Last month PAVAC and Fermilab entered into a US Department of Energy Work for Others agreement in which Fermilab lends to PAVAC its accelerator-based capabilities, enabling the company to develop a gas treatment system. In the longer term, PAVAC could be a resident at the future Illinois Accelerator Research Center, perhaps building a prototype electron beam flue gas treatment plant in Saskatchewan, Canada.

“So from the work on cavities, we’re branching out into other areas,” Champion said. “It’s a great example of accelerator applications.”

Though the move to the Chicago suburb will provide little respite from Richmond’s rain, it’s a good fit for PAVAC. The area has an established machine-making and tool-building infrastructure. Machine part wholesalers are right around the corner. Subassembly manufacturing is increasingly drawn to the city.

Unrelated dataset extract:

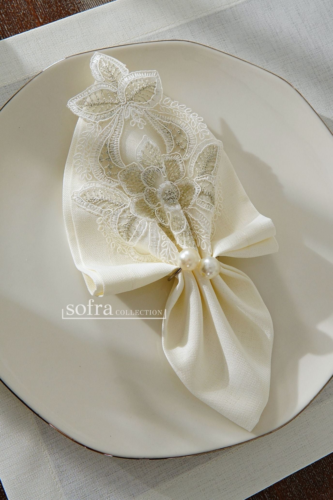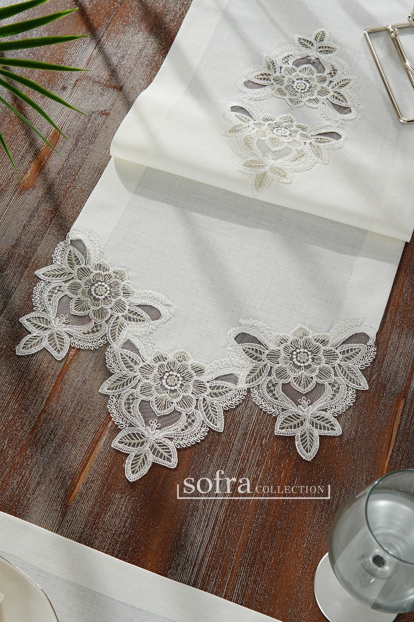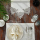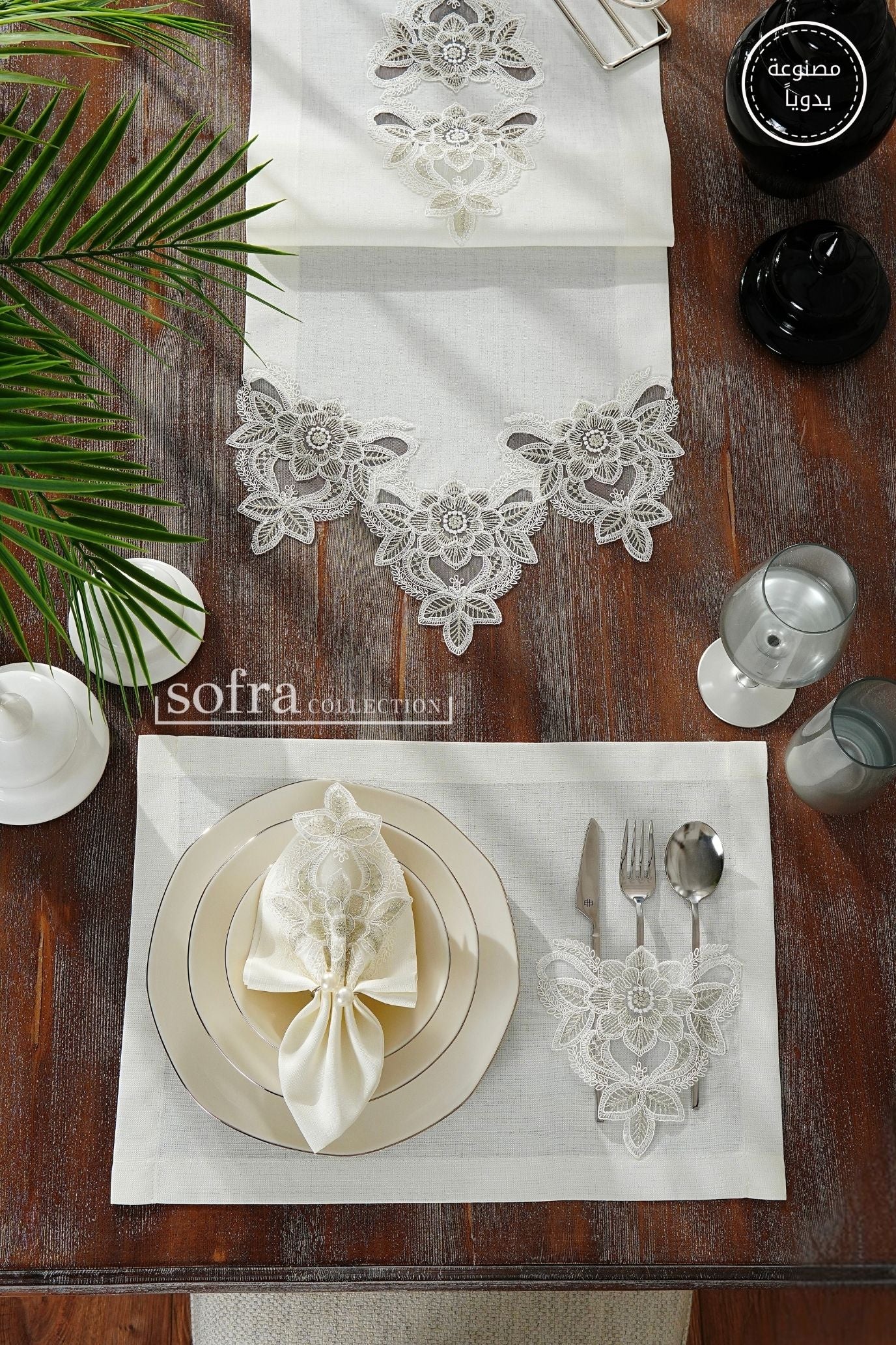 طقم مفارش سفرة مزين بدانتيل فضى واوف وايت - موديل زهرة البنفسج – شامل المناديل - ٣٧ قطعة – ١٢ شخص - قماش كتان مقاوم للبقع
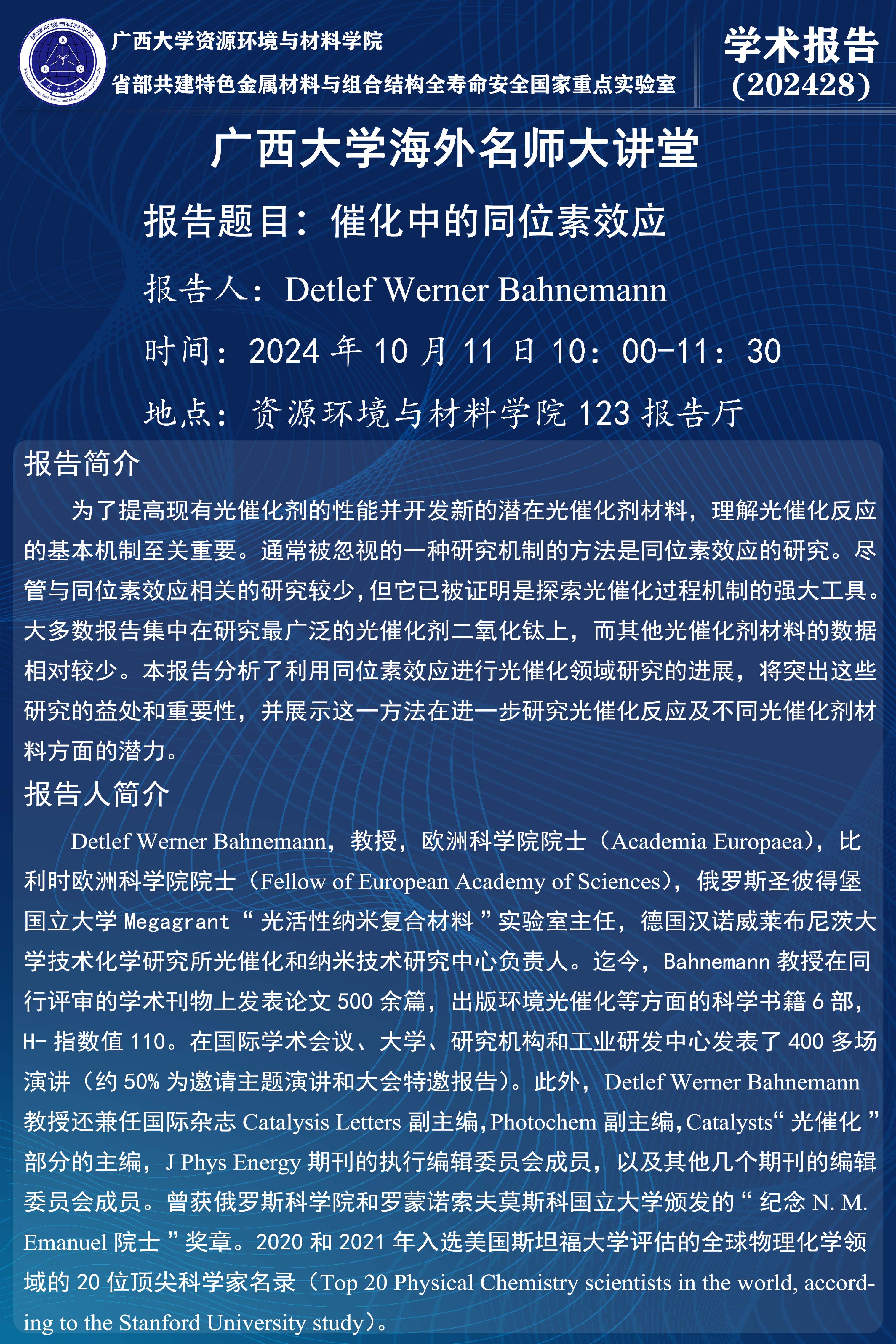 beat365正版唯一官方网站海外名师大讲堂、资源环境与材料学院学术报告:催化中的同位素效应

The move also positions the company to work closely with and provide electron beam welding for Argonne National Laboratory, also outside Chicago, and Michigan State University in nearby Lansing.

Beyond America, the company has a contract to sell an EBW machine to the RRCAT laboratory in Indor, India.

“Ralf became better known in the community,” Champion said. “Many things have come from PAVAC’s work with SRF. But it was the ILC programme that really stimulated it and enabled this.”

The company has also continued developing methods to ablate materials with electron beams, vapourising metals and then depositing the vapour on various surfaces.

“There is a need for a lot of cool technologies that really drive the future and SRF is probably one way of doing that,” Edinger said. “It might not be SRF as we do it today, but if you push this envelope further, maybe you come up with something out of it.” And that something may very likely be as good for business as it is for science applications.